The environmental impact of natural gas at sea isn’t too far off what it could be on London streets:
By switching to LNG, TOTE is reducing NOx emissions by 98 percent, SOx by 97 percent, carbon dioxide by 72 and particulate matter by 60 percent in the Puerto Rico trade.
But better to have electric buses, even if that means they’ll be 20% coal powered, something even the Victorians never thought of. Diesel electric hybrids sound like a hybrid solution, cutting air pollution and allowing buses to branded green instead of red. Unfortunately the solution doesn’t often work:
London’s new Routemaster bus has major battery issues. The bus, thanks to its “green” diesel-electric hybrid powertrain, is meant to be “the most environmentally friendly bus of its type”—according to Transport for London, anyway. Out of the 500 new Routemasters currently on the roads, however, 80 of them are running in diesel-only mode because of failed batteries, pumping out lots of pollution.
What’s interesting about natural gas to methanol and fertilizer, as with natural gas transportation by land and sea, is that this stuff is mostly mature proven technology. Abundant natural gas makes it work better. Journalists keep the news in the ground, and bury the story. Much better to have smug stories about either experimental or inconsequential impacts about some sexy sounding renewable technologies.
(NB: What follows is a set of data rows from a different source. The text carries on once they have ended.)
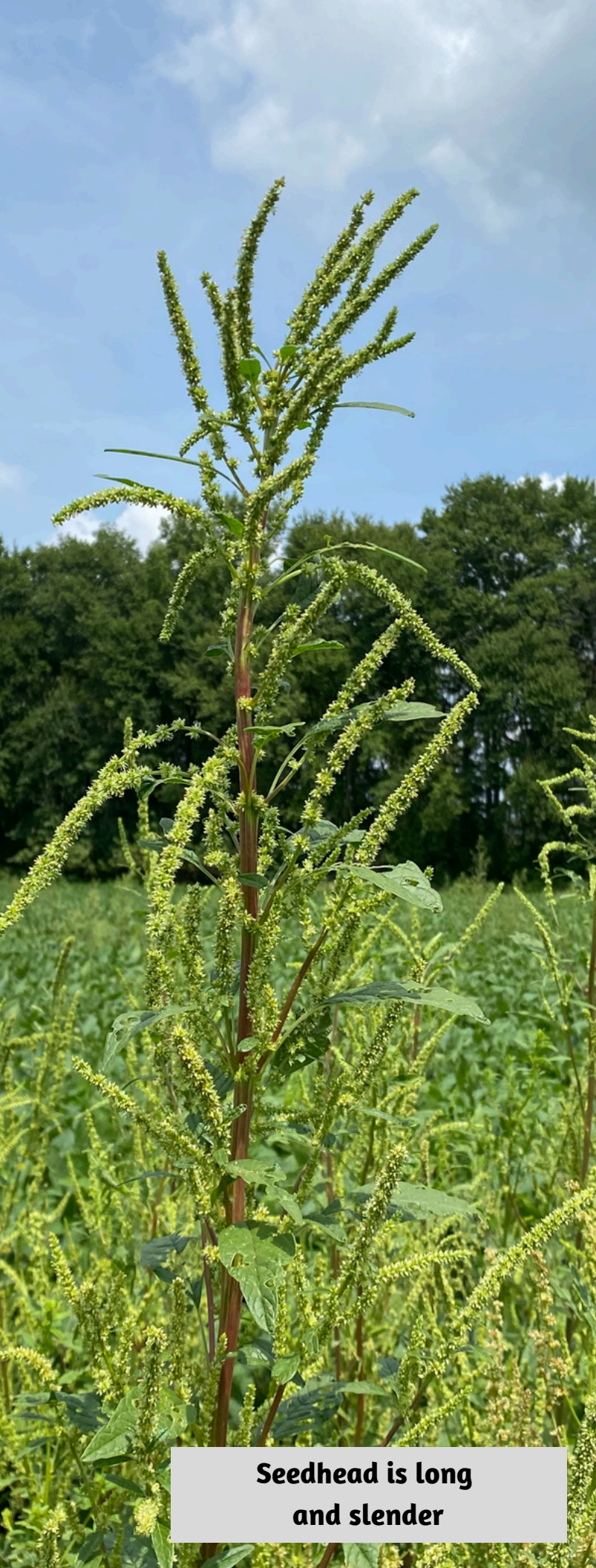
Seedhead is long and slender
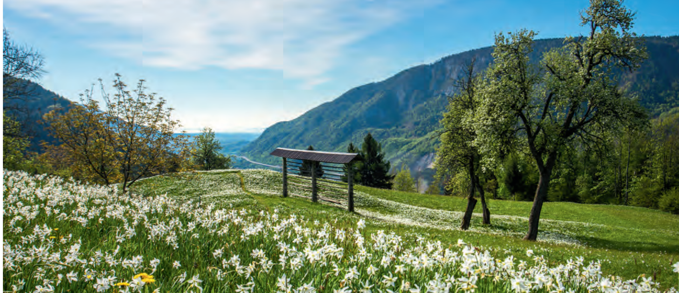
Narcise v Plavškem Rovtu / Daffodils in the village Plavški Rovt
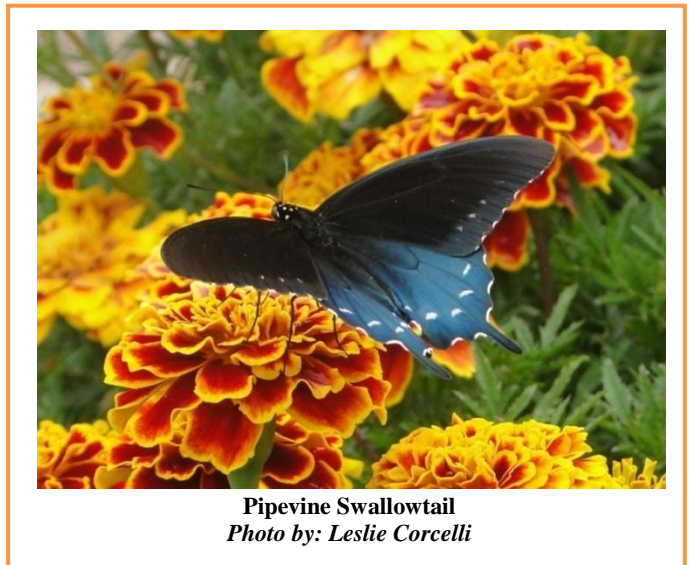
Pipevine Swallowtail

Flowers that are bright colors, including shades of red, pink, and purple, are the most attractive to butterflies (Ley, 2008). Unlike butterflies, who look for colorful flowers, moths prefer flowers that are pale or white in color (Ley, 2008). Because these insects have such long tongues, butterflies and moths tend to visit flowers with ample amounts of deeply hidden nectar. Butterflies use color patterns on the petals as nectar guides to find the nectar, similar to bees (Ley, 2008). Butterflies and moths also prefer long tubular flowers that have a faint, fresh, and sweet scent with a wide landing platform (Ley, 2008). Butterflies and moths do not have the same ability to carry large amounts of pollen like bees do, because they only drink nectar (H. Ginsberg, personal communication, April 2013), so they prefer flowers with lesser amounts of pollen.
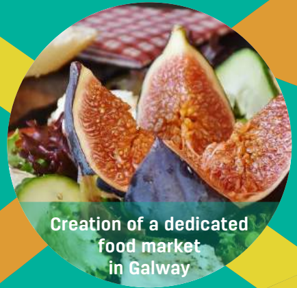
Creation of a dedicated food market in Galway

Galway City is 1st in Ireland for science, technology, engineering and mathematic-related (STEM) graduates in the labour force and 2nd in terms of third-level graduates
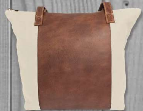
Panama Tote #94401 (11.5" x 5" x 12.5")
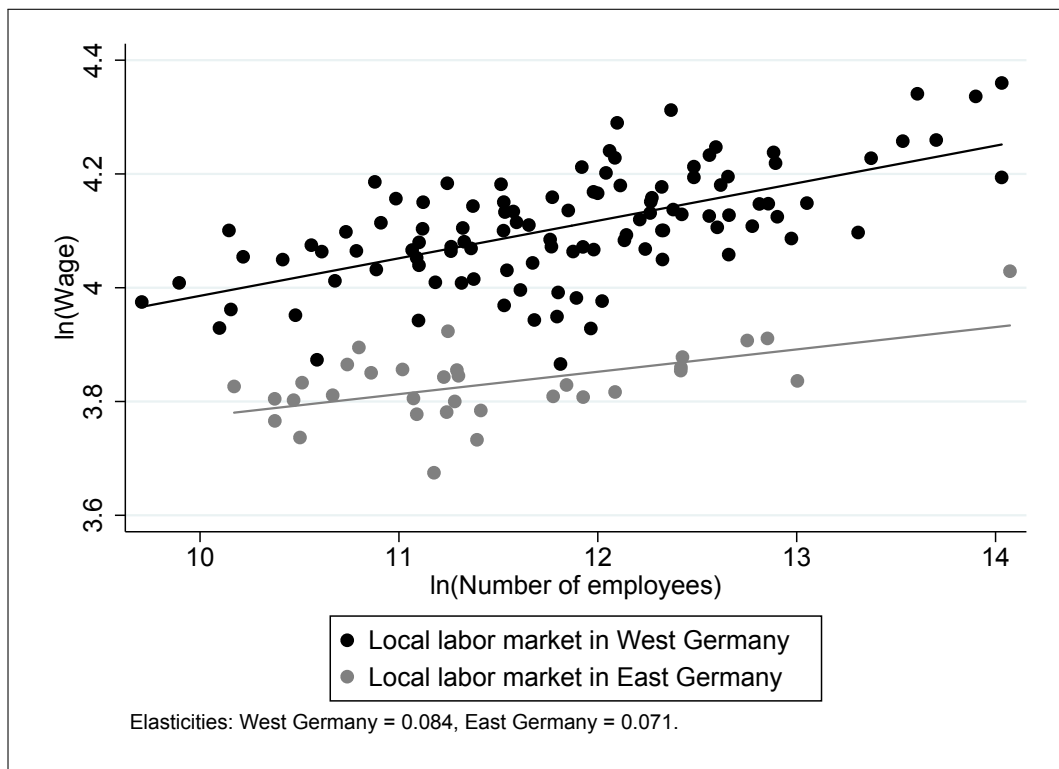
Figure 1: Local labor market size and regional wages.

There is extensive empirical evidence that wages in large local labor markets are significantly higher than wages elsewhere. Figure 1 illustrates disparities in regional wages for Germany. The difference between the largest local labor markets and the smallest amounts to almost 40 percent. Similar significant disparities are observed for other countries; see, e.g., Glaeser and Maré (2001) for the U.S. and Combes et al. (2008) for France. This raises the question, why firms in agglomerations 1 pay high wages and do not relocate to regions where labor is cheaper. 2
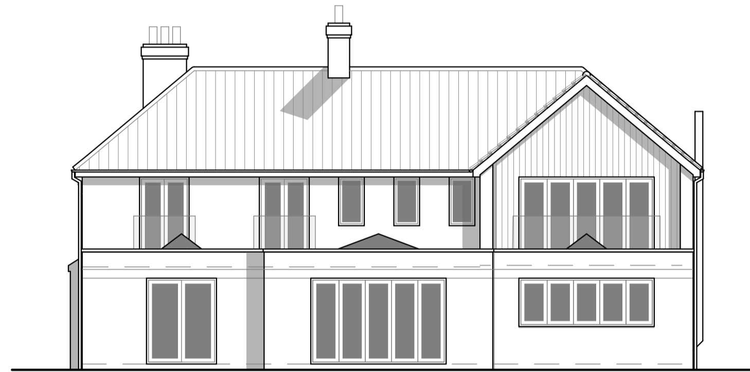
REAR ELEVATION - NORTH Scale 1:100
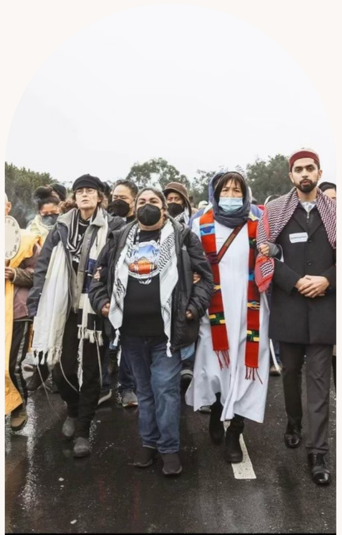
Rabbi Cat and other interfaith leaders march for permanent ceasefire Dec 2023
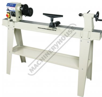
Shown with Standard Tool Rest
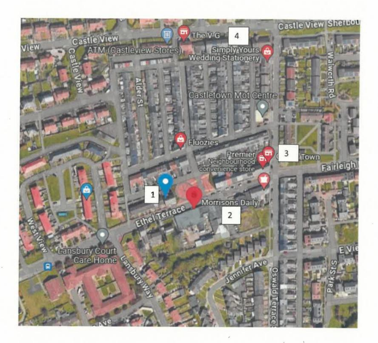
Figure 4 - Similar Premises Licences nearby
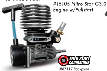
#15105 Nitro Star G3.0 Engine w/Pullstart

5.5mm Rotary Carb., ABC, SG Shaft, Side Exhaust, Heatsink Head, Black Crank Case. This is the standard powerplant for the Firestorm stadium truck and an easy upgrade for SG shaft cars and trucks.
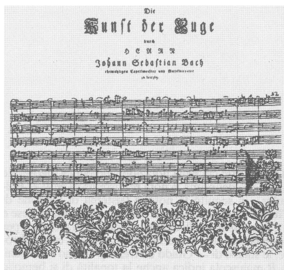
Figure 1: The first page of the first edition of the Kunst der Fuge by Johann Sebastian Bach (1750)

Since vocal polyphonic music was at the root and beginning of occidental music, it is easy to understand that early techniques were devoted to developing polyphonic music so that voices could

What UniBio does is take natural gas and convert it into animal feed using a naturally occurring bacterial process.
It sounds simple enough, but the implications are profound.
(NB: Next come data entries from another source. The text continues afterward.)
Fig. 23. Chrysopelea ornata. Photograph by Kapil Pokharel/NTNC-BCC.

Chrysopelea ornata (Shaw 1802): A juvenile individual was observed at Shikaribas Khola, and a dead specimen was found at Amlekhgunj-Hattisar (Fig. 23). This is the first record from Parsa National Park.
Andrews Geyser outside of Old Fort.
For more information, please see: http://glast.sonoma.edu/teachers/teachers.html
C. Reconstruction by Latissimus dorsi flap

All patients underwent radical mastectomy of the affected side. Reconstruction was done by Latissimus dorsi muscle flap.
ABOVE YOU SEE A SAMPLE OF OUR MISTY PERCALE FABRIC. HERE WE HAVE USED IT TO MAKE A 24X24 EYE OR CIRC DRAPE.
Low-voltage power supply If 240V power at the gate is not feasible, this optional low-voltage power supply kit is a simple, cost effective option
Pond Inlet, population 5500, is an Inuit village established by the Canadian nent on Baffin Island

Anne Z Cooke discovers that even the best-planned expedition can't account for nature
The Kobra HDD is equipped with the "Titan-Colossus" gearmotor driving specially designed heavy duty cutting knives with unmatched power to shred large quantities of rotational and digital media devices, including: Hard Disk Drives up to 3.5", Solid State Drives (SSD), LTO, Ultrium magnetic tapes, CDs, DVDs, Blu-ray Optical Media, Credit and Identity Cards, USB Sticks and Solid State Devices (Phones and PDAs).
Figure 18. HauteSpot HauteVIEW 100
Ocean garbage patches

Currently, it takes one hectare of land to produce 700 kilogrammes of soy, but the equivalent per hectare figure for UniBio is 25,000 tonnes.
That’s several orders of magnitude higher and represents a significant easing of pressure on scarce environmental resources.
Similarly, where it takes an estimated 600 litres of water (excluding rainwater) to produce one kilogramme of soy, it takes only five litres of water to produce the same amount of UniProtein.
Shale gas saves the earth. No wonder that story rarely make the papers. I propose the good news about the possible use of natural gas as animal feed must also reach the feline community. That will make natural gas an easier sell to any number of mad cat ladies, and make life better for the rest of us.